Dataset section

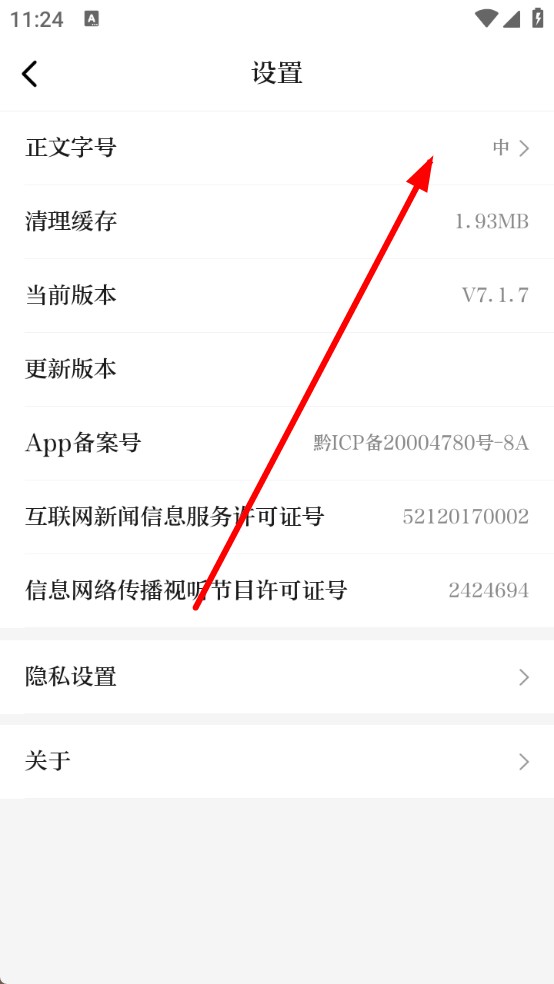 3、進(jìn)入設(shè)置頁面后,點(diǎn)擊正文字號(hào)選項(xiàng)。
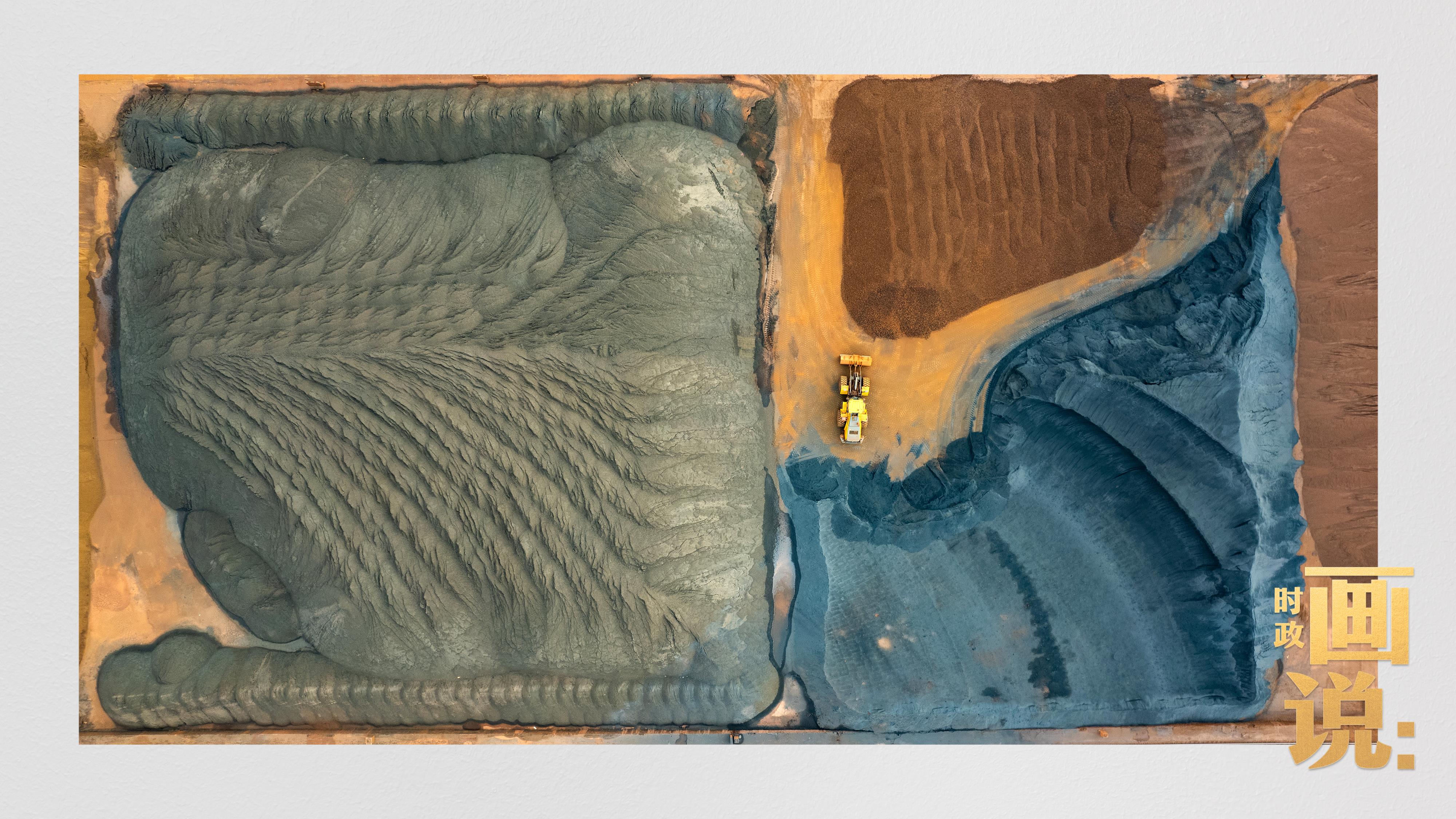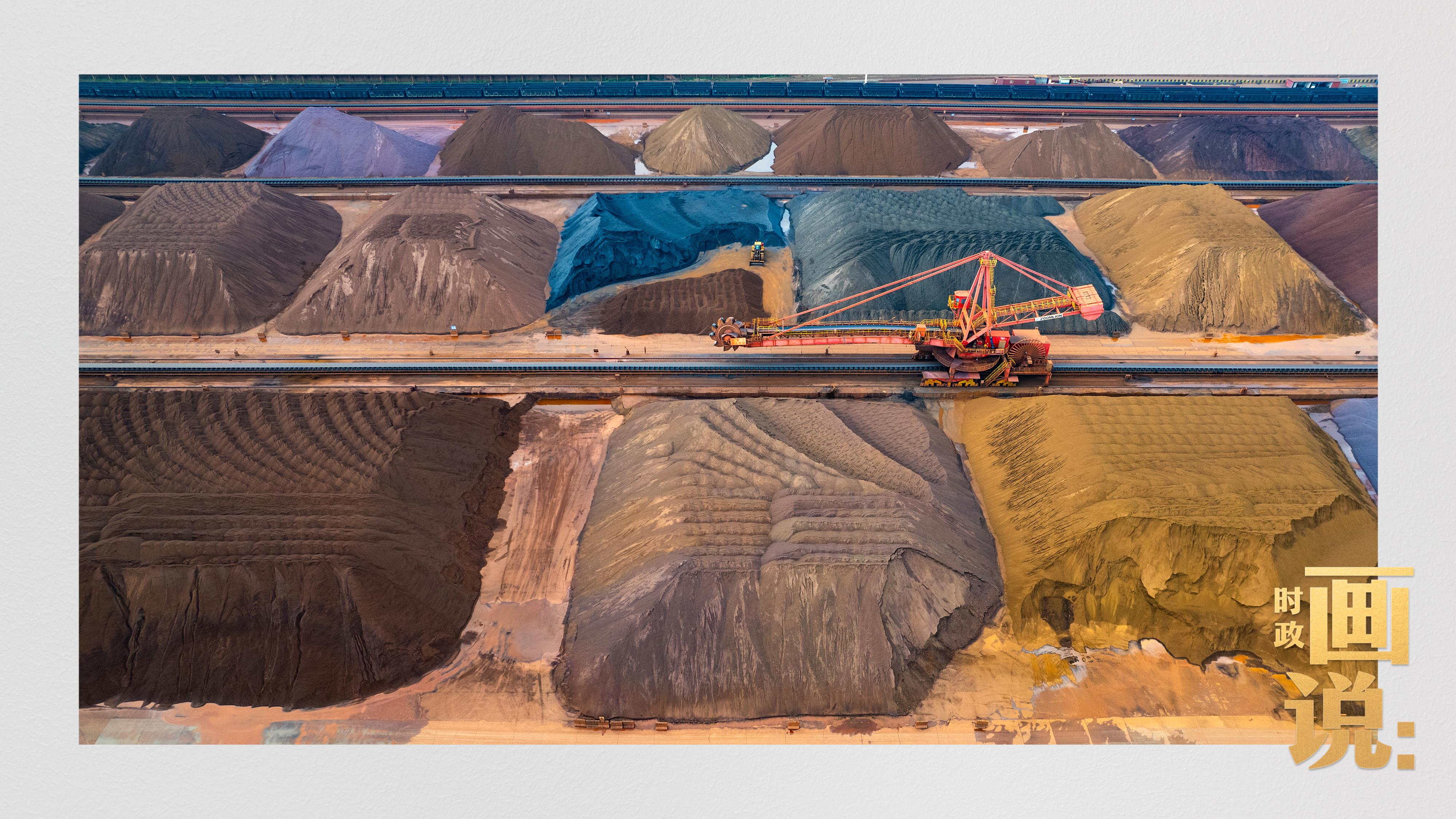 △港區內(nei) 的礦石堆場整理堆放著五顏六色的各類礦石、礦砂,宛如油畫。
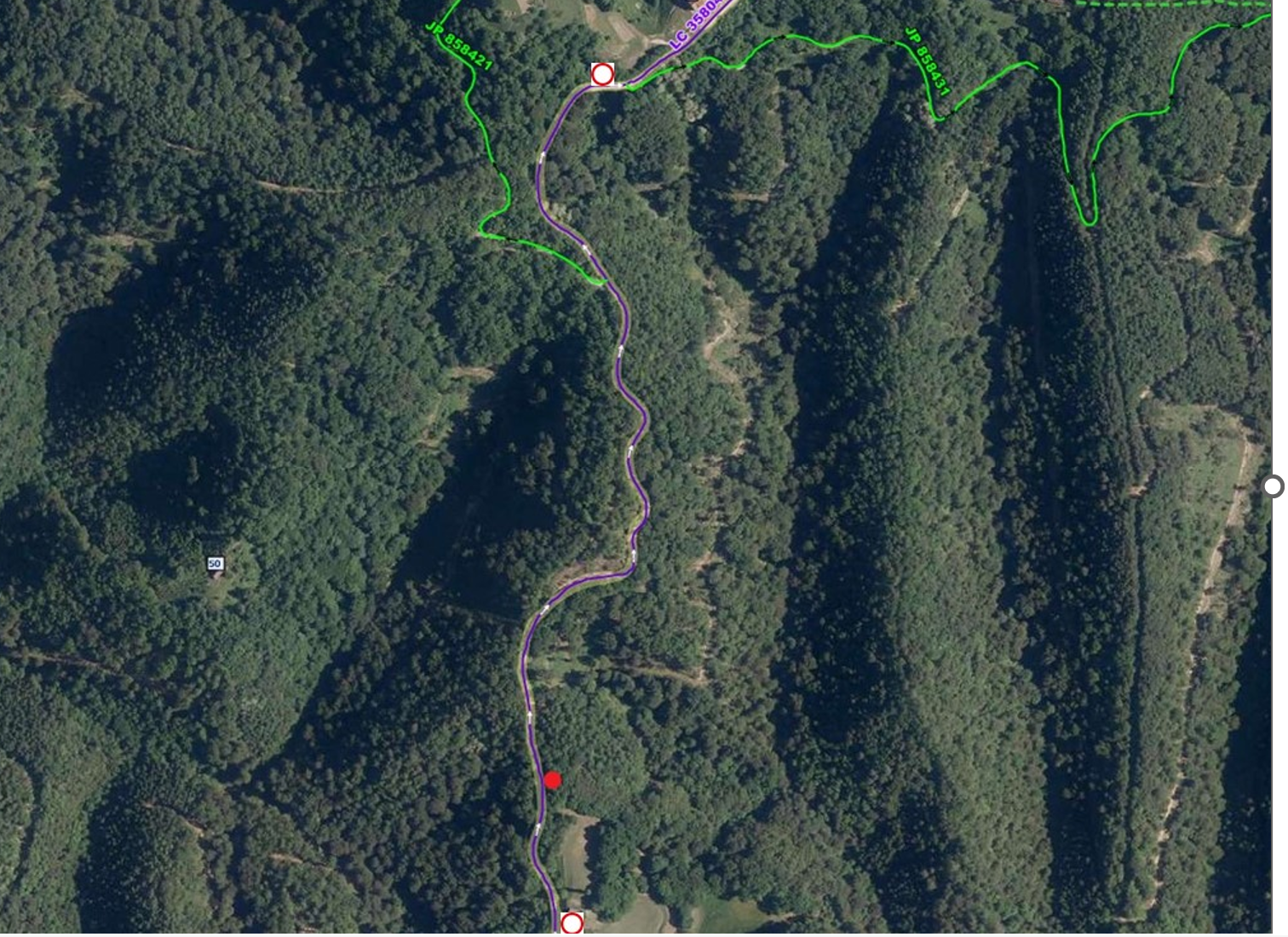 Obvoz bo omogočen po javni kategorizirani občinski cesti LC 358023 Zg. Log – Hustič ali LC 358042 Zg Log – Žahenberc.

What you will do
Restate the whole of the material word for word without the pictures.

Finished exercise
 3、進(jìn)入設(shè)置頁面后,點(diǎn)擊正文字號(hào)選項(xiàng)。
 △港區內(nei) 的礦石堆場整理堆放著五顏六色的各類礦石、礦砂,宛如油畫。
 Obvoz bo omogočen po javni kategorizirani občinski cesti LC 358023 Zg. Log – Hustič ali LC 358042 Zg Log – Žahenberc.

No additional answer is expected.